Description of problem: Starting the default libvirt network and bridge device, virbr0, causes nova networking to fail in strange ways on RHEL 6.3. Version-Release number of selected component (if applicable): Essex How reproducible: Always, but in random ways... Steps to Reproduce: 1. Start libvirt default network either before or after openstack-nova-network 2. Start a number of VMs on all compute nodes with auto-assign of floating IPs 3. Attempt to ping or ssh into all VMs. Some will fail, some won't. 4. Check routing tables on all compute nodes, if 192.168.122.1 is listed, 'ifconfig virbr0 down' and wait a while. Actual results: ping and ssh will intermittently succeed and fail to VMs on random compute nodes Expected results: ping and ssh should always succeed to all VMs Additional info: There is a similar bug in Fedora and libvirt - needs to be addressed in RHEL, too: https://bugzilla.redhat.com/show_bug.cgi?id=802475 and http://libvirt.org/git/?p=libvirt.git;a=commit;h=a83fe2c23efad190a1e00e448f607fe032650fd6
It seems that running both nova-networking/quantum and libvirt networking on the hypervisor node is causing issues.

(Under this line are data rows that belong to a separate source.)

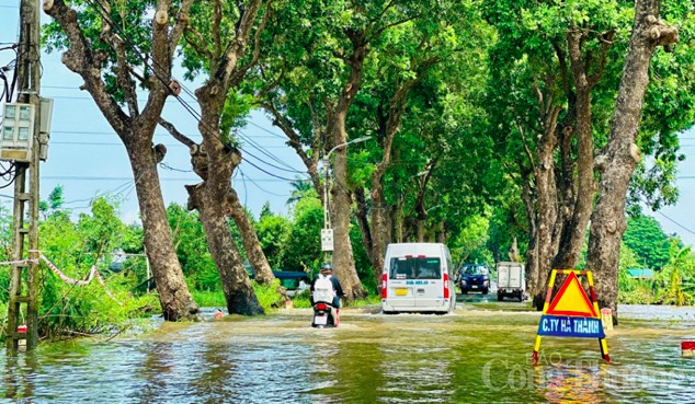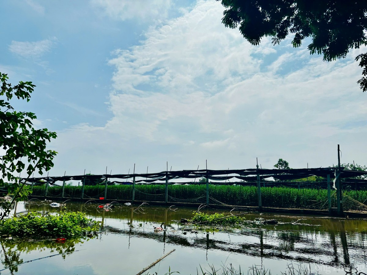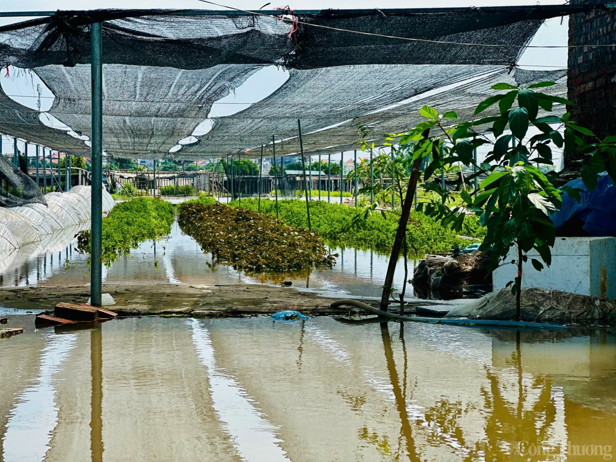 Lối vào làng hoa Tây Tựu ngập trong nước, ghi nhận của phóng viên Báo Công Thương ngày 13/9. |
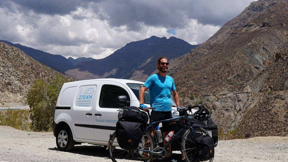 Durante su estadía en Chile, el aventurero pretendía asistir a la COP25, cita que se suspendió a la larga, pero estuvo con el Kangoo ZE en otras instancias, entre las que destaca el Festival Internacional de Innovación Social (FIIS) y a la Sociedad Civil por la Acción Climática (SCAC).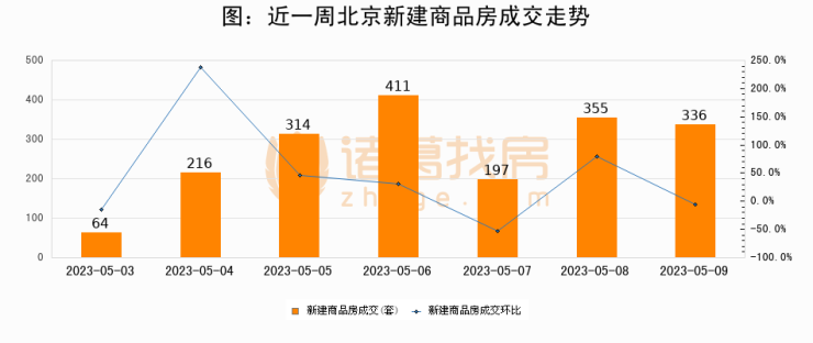 【北京成交日报】05月09日新房成交336套、二手房634套;涨价房源181套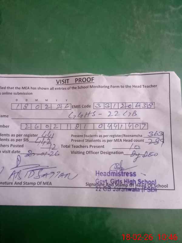 | EMIS Code: 33120638 | Name of School: GGHS CHAK NO 22 GB | |||

I am not sure we can do anything about this other than warn users that this will cause issues, so I will move this bug to docs.
Another contributing factor to this bug may be related to arp issues in a multi-host HA flatDHCP environment like ours. The solution appears to be to set send_arp_for_ha=true in nova.conf for *ALL* HA networking environments, i.e., nova-network is running on all compute nodes. See this bug report for more details: https://bugs.launchpad.net/openstack-manuals/+bug/1093000
*** This bug has been marked as a duplicate of bug 888812 ***